Does it mean AI learned to code from tutorials that skip the boring security chapters?... think about it.

So yes, we are definitely seeing survivor bias in severity reporting. But the "types" of survivors tell us something important about what AI consistently misses. The low-severity bugs probably exist, but perhaps not making headlines.

The real question: if this is just the visible part of the iceberg, what's underneath?

dfcheng•5mo ago
This is what I’ve experienced having LLMs code: ensuring security is not an adequate part of its training. Of course, modern developers I work with don’t give a shit either.
dmonroy•5mo ago
That last part is, well, current reality.

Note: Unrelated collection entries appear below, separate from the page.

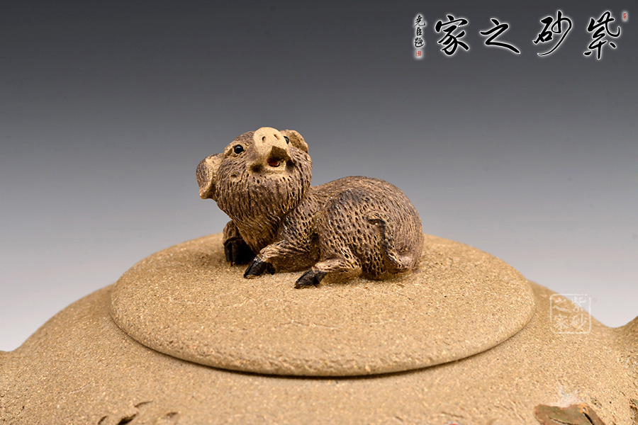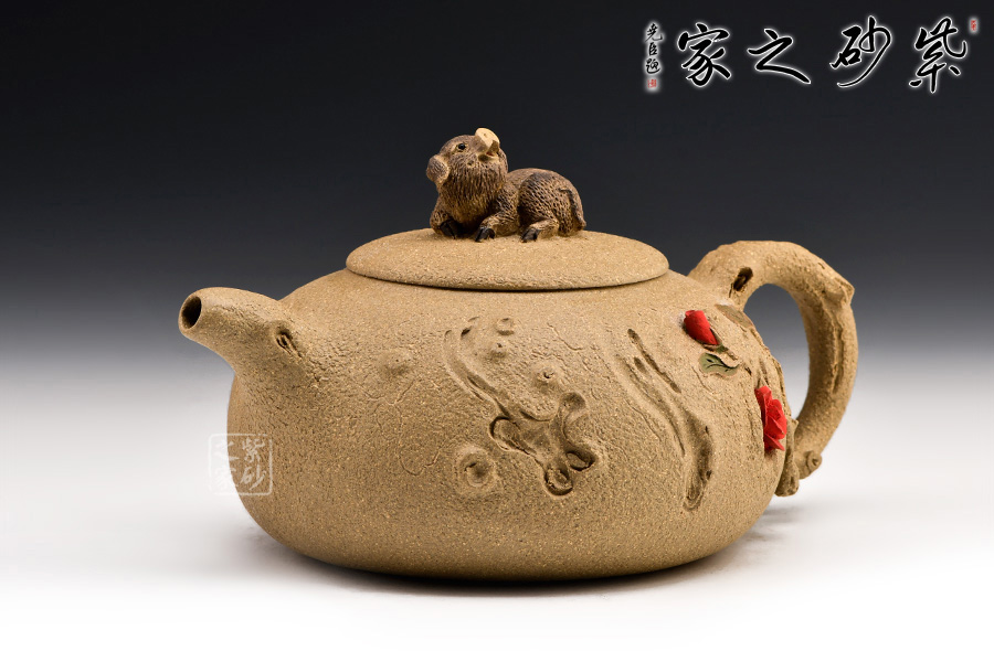 此壺以十二生肖中的豬為壺鈕,生動形象,活靈活現。壺身圓潤,有凹點、溝壑點綴其上,營造出滄桑的樹皮質感。枝干作壺嘴和壺把:彎嘴出水暢快,圓把彎曲有力。令人嘖嘖稱奇之處在于把一側胥出枝丫,長出嫩葉,開出紅花。花朵嬌嫩艷麗,栩栩如生,奪人眼球。不得不感嘆倪順金老師實在構思巧妙!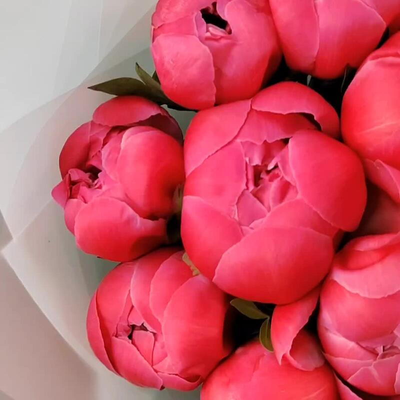15 коралловых пионов. Букет 15 KimFlo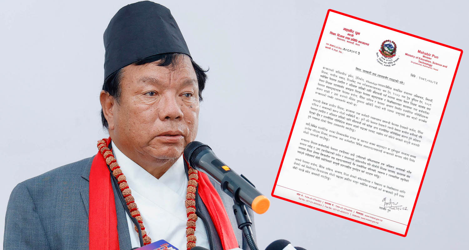 काठमाडौँ । शिक्षा, विज्ञान तथा प्रविधि मन्त्रालयले शिक्षक, प्राध्यापक र कर्मचारी राजनीतिक दलमा संलग्न भए कारबाही गर्ने चेतावनी दिएको छ । शिक्षा, विज्ञान तथा प्रविधि मन्त्री महावीर पुनले प्रचलित कानुनअनुसार पदबाट बर्खास्त गर्नेसम्मको कारबाही हुने चेतावनी दिएका हुन्।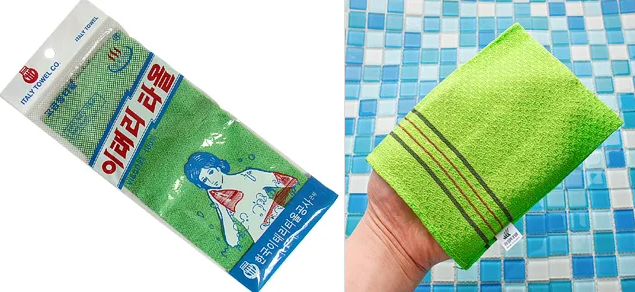 초록색 바탕에 검은 줄무늬, 피부가 시뻘게지도록 때를 벅벅 밀 때 없어서는 안 될 이태리타월! 그런데 왜 100% 한국의 목욕 문화 발명품에 '이태리'라는 이름이 붙었을까요?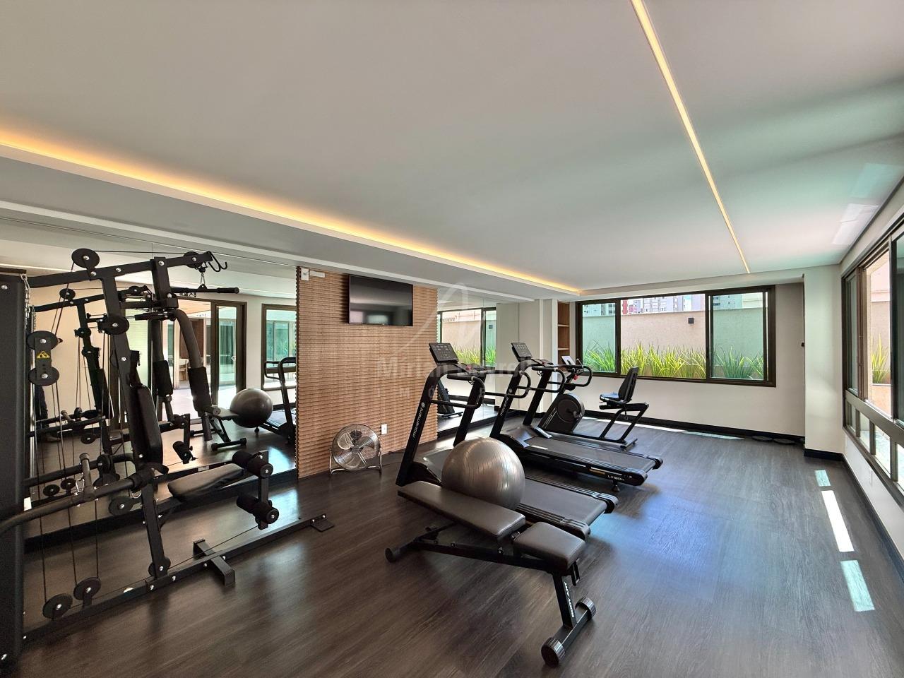 Apartamento à venda no bairro Sion com 87,44m²; sala com piso em porcelanato e painel ripado; lavabo; banhos com boxes, armários e espelhos; cozinha estilo americana com armários, fogão e geladeira; área de serviço; 2 vagas de garagem separadas.

The difference is you can at least shame your colleagues into caring about security and coding standards during code review. With AI, it's like it learned from every tutorial that said "we'll skip input validation to keep this example simple" and took that as strict rule.

hinkley•5mo ago
The fact that they don't mention them makes them the most likely case.

"Did you hit your wife?"

"I haven't murdered anybody."

"Murder?? Nobody mentioned murder, Mr Fieldman."

eqvinox•5mo ago
I neither understand where the HN title line is coming from, nor what this report is trying to tell me. AI is introducing high severity bugs rather than low severity ones? That's… bad? Is this based on actual reports, or it's own analysis? Actual reports will have survivorship bias since higher severities are reported more actively and quicker…

Anyway, I see numbers but no message.